# copy of the Alpine F#1 PXI-h990 software



## syoung298 (May 24, 2008)

Please email me if someone out there has a copy of the PXI-H990 tuning software. thanks. [email protected]


----------



## fredridge (Jan 17, 2007)

did you get my pm about the 701?


----------



## syoung298 (May 24, 2008)

was this the offer? if so yes.. I will take $300 shipped for it. please let me know. thanks


----------



## newtitan (Mar 7, 2005)

if you still need it let me know I have a copy


----------



## syoung298 (May 24, 2008)

Beuller, Beuller


----------



## SStealth (Oct 26, 2008)

Hi, Does anyone still have the software. I have misplaced my disc somewhere. Would be a great help and save me having to search the house again.

regards

Antony


----------



## SoCalSQ (Oct 7, 2008)

I need a copy as well. My disk was damaged and my laptop HD died at the Santa Rosa show. If anyone has a copy pls email it to [email protected]. 

Tks


----------



## donkeypunch22 (Nov 5, 2008)

Ask MrLister


----------



## toobs1234 (Sep 4, 2009)

me too please  toobs1234 
@yahoo.com
thanks a lot, John


----------



## starboy869 (Dec 16, 2006)

the link is posted somewhere here on the site. in an h900 thread i think


----------



## Elaine (Feb 26, 2011)

do you still have the software, please please email me a copy. [email protected]
Thank you soooooo much!


----------



## pwabs74 (Dec 20, 2010)

Just bought a used unit but didn't have the software, any kind soul can share?

Thanks a lot ....


----------



## sqeclipse (Dec 19, 2008)

do any of you guys know if window 7 will work with the F1 software? reformating my PC now?

thanks


----------



## ErinH (Feb 14, 2007)

sqeclipse said:


> do any of you guys know if window 7 will work with the F1 software? reformating my PC now?
> 
> thanks


I'd like to know the answer to this as well.

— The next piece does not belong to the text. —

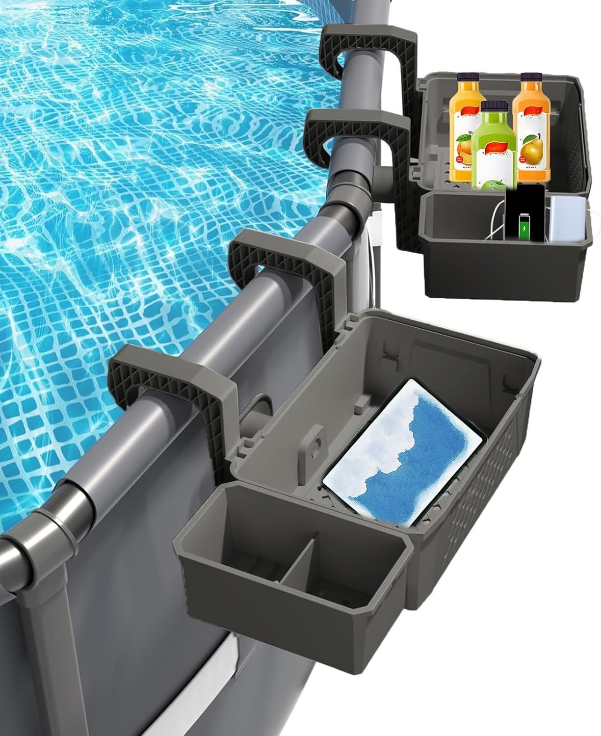 Design per adattarsi perfettamente alla maggior parte delle piscine con telai a terra, comprese quelle con tubi rotondi, ovali o rettangolari. Grande capacità: con un design spazioso, questo cestino offre spazio sufficiente per giocattoli da piscina, asciugamani, bevande e telefoni. I suoi scomparti e sezioni aiutano a mantenere gli oggetti organizzati e il gancio extra offre ulteriore spazio. Impedisce l'inclinazione e mantiene i tuoi oggetti asciutti e a portata di mano, soprattutto quando il bordo piscina è bagnato. La confezione include: 1 contenitore a bordo piscina

Or, if someone wouldn't mind forwarding me a copy so I can try it myself.

Thanks,
Erin

hardisj @ gmail com


----------



## d5sc (Aug 14, 2007)

bikinpunk said:


> I'd like to know the answer to this as well.
> 
> Or, if someone wouldn't mind forwarding me a copy so I can try it myself.
> 
> ...



Erin,

I have the software and will upload in a little while. Will let you know you know once it is available.

Thanks,

George


----------



## d5sc (Aug 14, 2007)

Erin,

The software has been uploaded and a sharing invite has been sent to your Gmail account.

Forgot to mention this software is intended be installed/run on either Win2K or XP. Have not tried it on Win 7, however.

Thanks,

George


----------



## ErinH (Feb 14, 2007)

Thanks, George! That answers my question: it works with my netbook running Windows 7 Premium just fine. I can't say for sure if it will work when connected to the h990 but I can say the software works just fine. No issues at all. In fact, my 11.6" screen is large enough for me to fit 4 panes of the DSP software on it and make adjustments to each without having to back out. 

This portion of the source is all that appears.